Sabrina Ghadaouia scite author profile

Normal and cancer cells facing their demise following exposure to radio-chemotherapy can actively participate in choosing their subsequent fate. These programmed cell fate decisions include true cell death (apoptosis-necroptosis) and therapy-induced cellular senescence (TIS), a permanent "proliferative arrest" commonly portrayed as premature cellular aging. Despite a permanent loss of proliferative potential, senescent cells remain viable and are highly bioactive at the microenvironment level, resulting in a prolonged impact on tissue architecture and functions. Cellular senescence is primarily documented as a tumor suppression mechanism that prevents cellular transformation. In the context of normal tissues, cellular senescence also plays important roles in tissue repair, but contributes to age-associated tissue dysfunction when senescent cells accumulate. Theoretically, in multi-step cancer progression models, cancer cells have already bypassed cellular senescence during their immortalization step (see hallmarks of cancer). It is then perhaps surprising to find that cancer cells often retain the ability to undergo TIS, or premature aging. This occurs because cellular senescence results from multiple signalling pathways, some retained in cancer cells, aiming to prevent cell cycle progression in damaged cells.
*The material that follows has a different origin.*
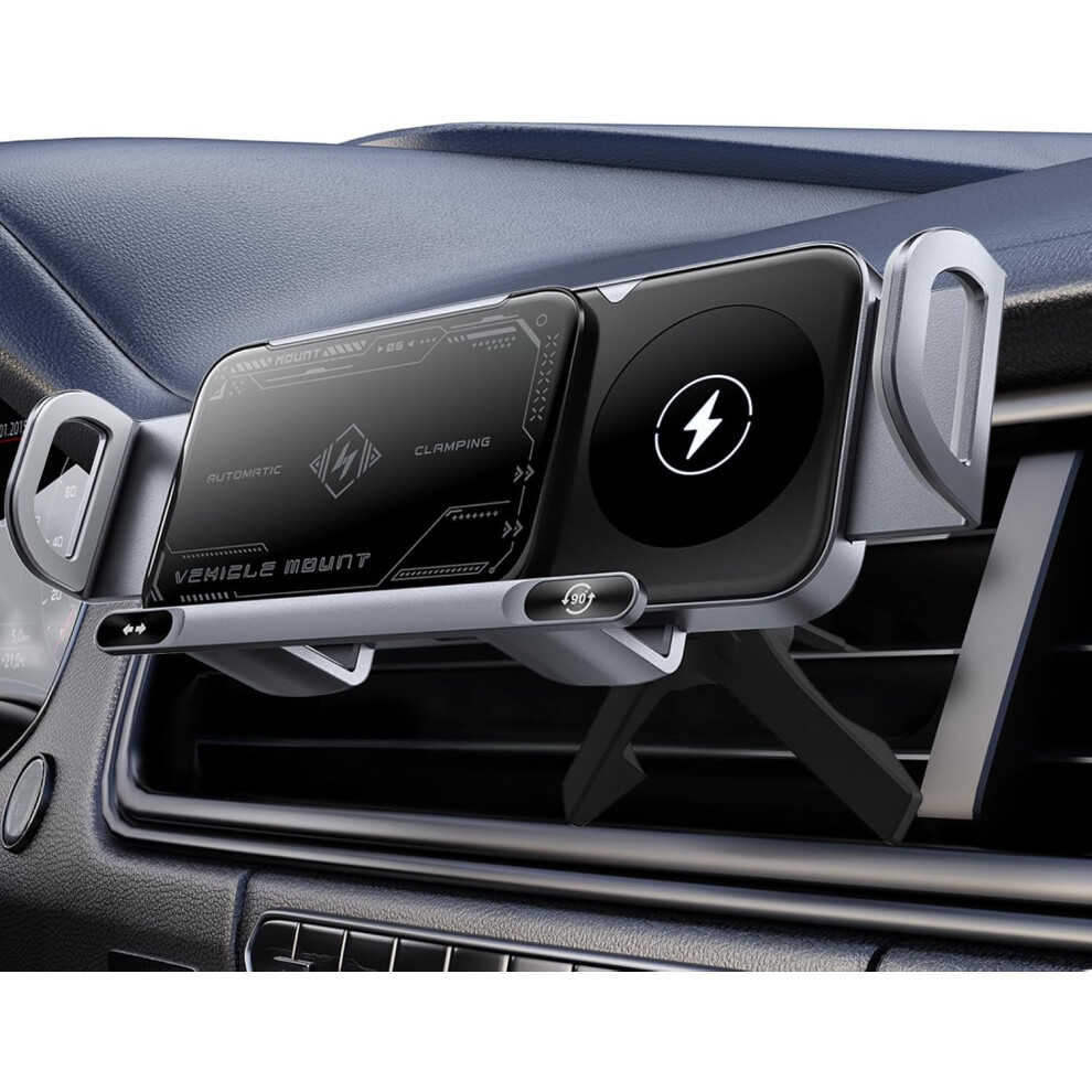 MOKPR Car Phone Holder Wireless Charger, 15W Wireless Car Charger, Auto-Clamping Car Phone Holder Charger Air Vent Mount Compatible for iPhone 17/16/15/14/13/12, Samsung S25/S24/S23

Since senescent cancer cells persist after therapy and secrete an array of cytokines and growth factors that can modulate the tumor microenvironment, these cells may have beneficial and detrimental effects regarding immune modulation and survival of remaining proliferation-competent cancer cells. Similarly, while normal cells undergoing senescence are believed to remain indefinitely growth arrested, whether this is true for senescent cancer cells remains unclear, raising the possibility that these cells may represent a reservoir for cancer recurrence after treatment. This review discusses our current knowledge on cancer cell senescence and highlight questions that must be addressed to fully understand the beneficial and detrimental impacts of cellular senescence during cancer therapy.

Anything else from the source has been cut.